_WHAT TO PRODUCE_
Restate, exactly as written, the entries below from the line that holds "走進東辛農場東米公司門店,工" through the line that holds "6年生 卒業を祝う会3 公開日". Pictures are not part of the copy.

_EXCERPTED DATA_
******************************

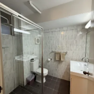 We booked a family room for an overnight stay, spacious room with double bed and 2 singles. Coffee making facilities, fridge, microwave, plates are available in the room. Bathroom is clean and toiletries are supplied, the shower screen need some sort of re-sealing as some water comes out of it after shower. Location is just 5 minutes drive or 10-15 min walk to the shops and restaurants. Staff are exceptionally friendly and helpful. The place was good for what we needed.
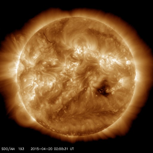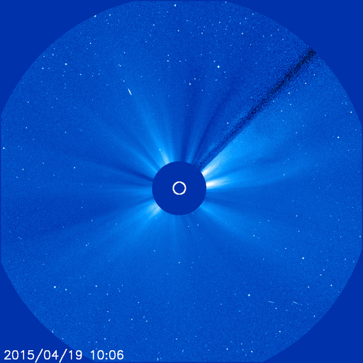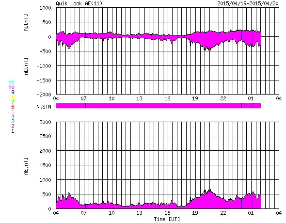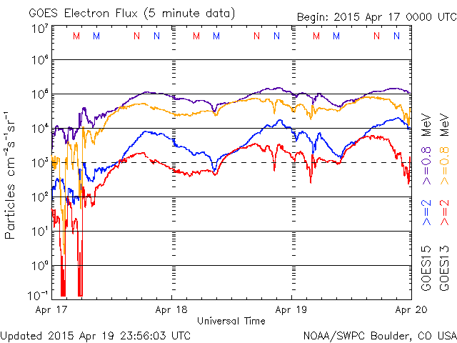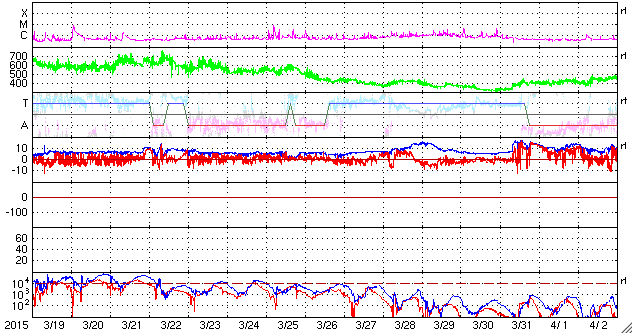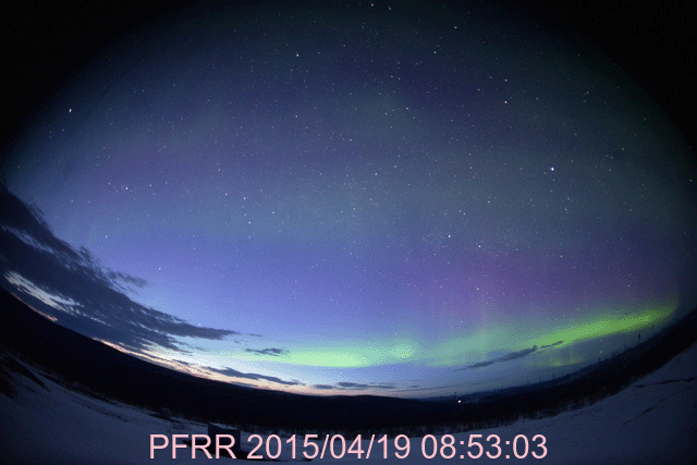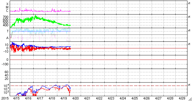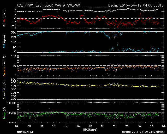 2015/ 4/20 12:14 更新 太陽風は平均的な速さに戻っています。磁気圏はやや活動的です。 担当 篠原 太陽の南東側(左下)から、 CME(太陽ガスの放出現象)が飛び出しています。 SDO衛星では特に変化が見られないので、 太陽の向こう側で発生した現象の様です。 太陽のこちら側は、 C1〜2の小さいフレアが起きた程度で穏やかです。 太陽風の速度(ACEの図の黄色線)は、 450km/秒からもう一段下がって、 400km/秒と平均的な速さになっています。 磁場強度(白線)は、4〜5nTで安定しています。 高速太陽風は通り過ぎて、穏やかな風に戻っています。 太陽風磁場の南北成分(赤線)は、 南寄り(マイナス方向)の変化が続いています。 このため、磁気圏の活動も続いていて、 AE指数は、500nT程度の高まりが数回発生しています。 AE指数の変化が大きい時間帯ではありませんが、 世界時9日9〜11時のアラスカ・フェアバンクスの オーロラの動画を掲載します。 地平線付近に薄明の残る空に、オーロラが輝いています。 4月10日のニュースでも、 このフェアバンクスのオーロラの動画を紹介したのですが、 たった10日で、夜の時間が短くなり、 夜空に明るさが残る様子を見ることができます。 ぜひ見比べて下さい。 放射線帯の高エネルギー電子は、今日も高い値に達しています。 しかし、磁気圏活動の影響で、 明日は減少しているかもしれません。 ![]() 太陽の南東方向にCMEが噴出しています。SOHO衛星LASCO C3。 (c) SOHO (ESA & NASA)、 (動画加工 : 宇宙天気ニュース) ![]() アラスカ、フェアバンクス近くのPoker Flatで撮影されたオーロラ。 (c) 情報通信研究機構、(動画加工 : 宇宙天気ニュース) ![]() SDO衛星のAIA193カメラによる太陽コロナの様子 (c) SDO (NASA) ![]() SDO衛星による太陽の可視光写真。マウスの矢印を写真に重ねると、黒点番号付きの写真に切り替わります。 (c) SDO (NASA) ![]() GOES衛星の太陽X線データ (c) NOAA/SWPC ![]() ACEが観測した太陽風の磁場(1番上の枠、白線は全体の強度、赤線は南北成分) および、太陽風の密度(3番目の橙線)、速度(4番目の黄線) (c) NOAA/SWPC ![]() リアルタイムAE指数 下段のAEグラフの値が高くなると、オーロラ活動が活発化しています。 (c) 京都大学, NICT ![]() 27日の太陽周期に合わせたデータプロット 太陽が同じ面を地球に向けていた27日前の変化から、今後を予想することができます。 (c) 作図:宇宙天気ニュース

******************************

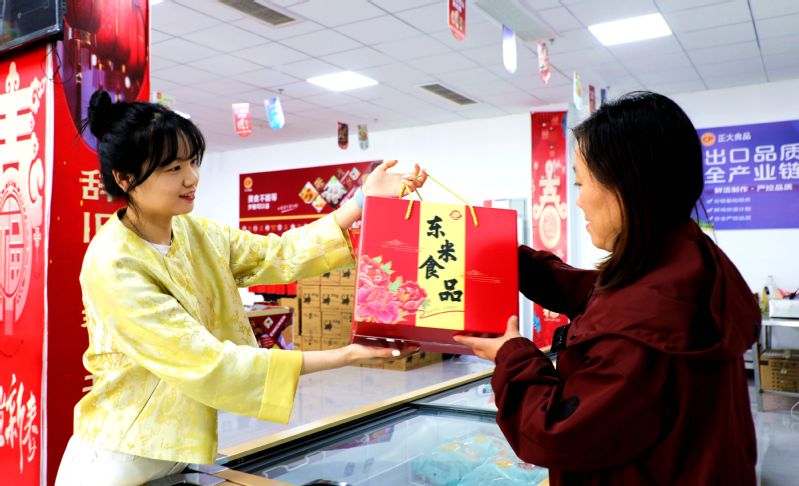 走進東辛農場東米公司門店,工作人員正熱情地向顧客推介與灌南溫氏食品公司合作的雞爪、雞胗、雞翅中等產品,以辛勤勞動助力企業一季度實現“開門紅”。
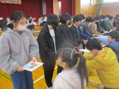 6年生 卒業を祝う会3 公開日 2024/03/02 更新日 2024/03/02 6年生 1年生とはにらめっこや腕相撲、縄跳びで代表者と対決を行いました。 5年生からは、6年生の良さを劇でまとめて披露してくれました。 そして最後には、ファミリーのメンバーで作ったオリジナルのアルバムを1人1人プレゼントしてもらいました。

******************************

_EXERCISE OUTPUT_
 走進東辛農場東米公司門店,工作人員正熱情地向顧客推介與灌南溫氏食品公司合作的雞爪、雞胗、雞翅中等產品,以辛勤勞動助力企業一季度實現“開門紅”。
 6年生 卒業を祝う会3 公開日 2024/03/02 更新日 2024/03/02 6年生 1年生とはにらめっこや腕相撲、縄跳びで代表者と対決を行いました。 5年生からは、6年生の良さを劇でまとめて披露してくれました。 そして最後には、ファミリーのメンバーで作ったオリジナルのアルバムを1人1人プレゼントしてもらいました。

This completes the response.